Metropolitan Manila Development Authority Chair Francis Tolentino on Friday signed a memorandum requiring signs that say “Loaded With Cement—Keep Distance” on the sides and rear portion of all cement trucks or cement mixers.
The order takes effect after two weeks and noncompliance carries a fine of P500.
The rule stemmed from the tragedy in Quezon City that killed Marie Cherrie Inzon, a student of Siena College, and injured three other pedestrians and five jeepney passengers on April 23, when a cement mixer lost its brakes and forced its driver to swerve toward an excavation site to make it stop. The victims were pinned down when the mixer fell on its side.
According to the MMDA, at least one major road accident involving cement mixers takes place in the metropolis each week.

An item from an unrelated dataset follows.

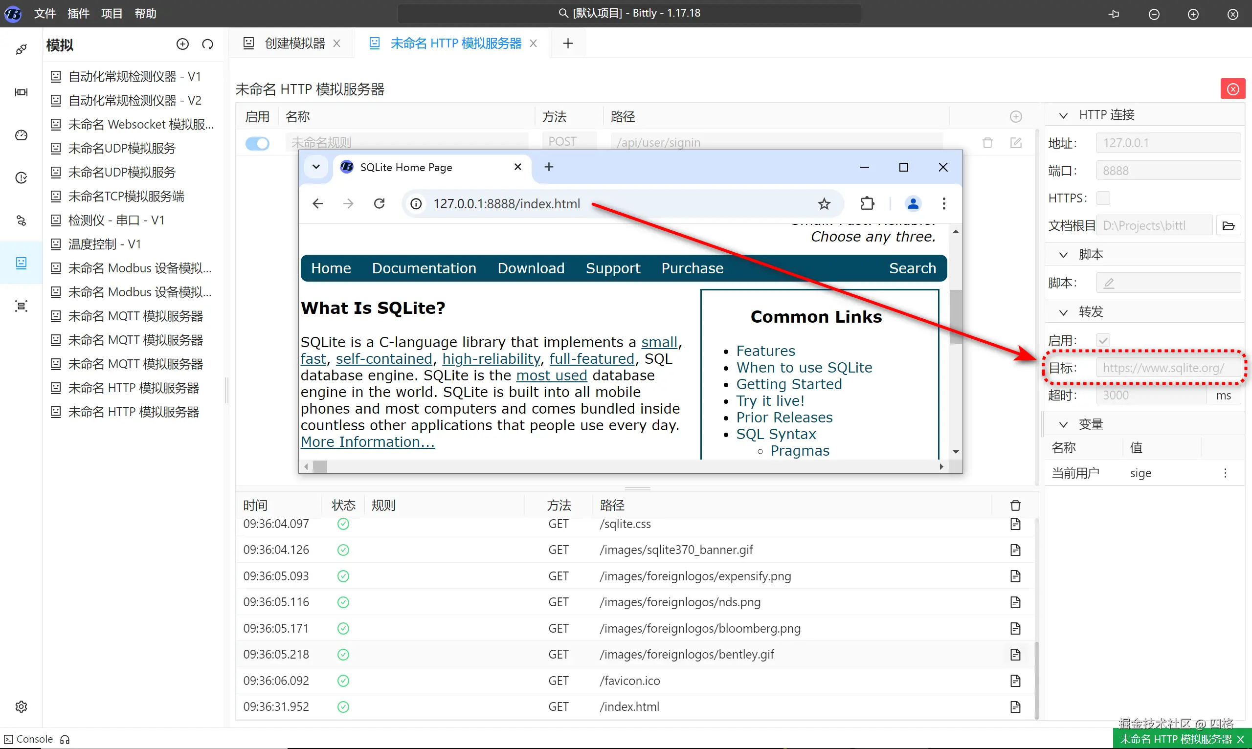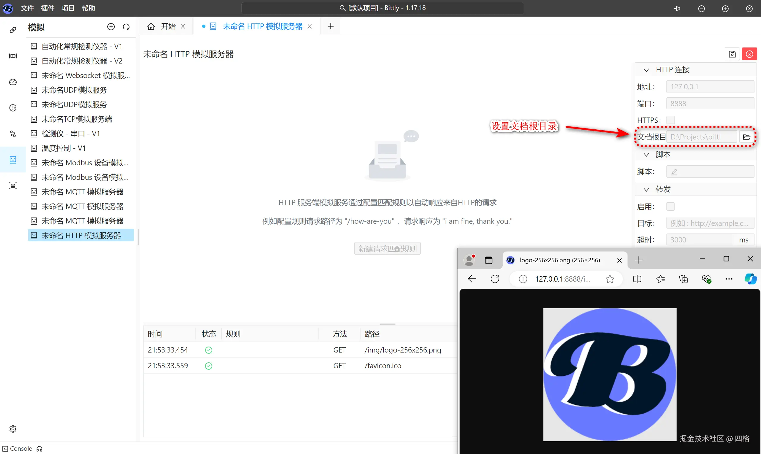 Bittly 支持在本地创建 HTTP 服务器。通过配置该服务器,可以根据匹配规则自动响应 HTTP 请求,并通过变量和脚本实现动态数据内容的响应。此外,Bittly 的本地 HTTP 服务器还支持配置文档根目录,直接将指定路径作为 Web 目录进行访问,无需配置完整的 HTTP 服务器。Bittly 的 HTTP 服务器还支持将请求转发到其他 HTTP 服务,并记录每次请求和响应的内容。

In the first quarter of the year, the agency recorded 1,512 accidents involving heavy vehicles, which injured 268 people and killed 12, seven of whom were pedestrians.
“Cement truck drivers are usually in a hurry to reach the construction sites when they are carrying wet cement, and this raises the risks they pose on other road users,” Tolentino noted in a statement.
Shortly after the April 23 accident, the MMDA proposed the reclassification of cement mixers from ordinary trucks to “dangerous vehicles,’’ the latter required to have specially trained drivers and safety features like highly visible signs and lighting, among others.
Motorists tailing such vehicles should keep a distance of at least 50 feet, Tolentino said.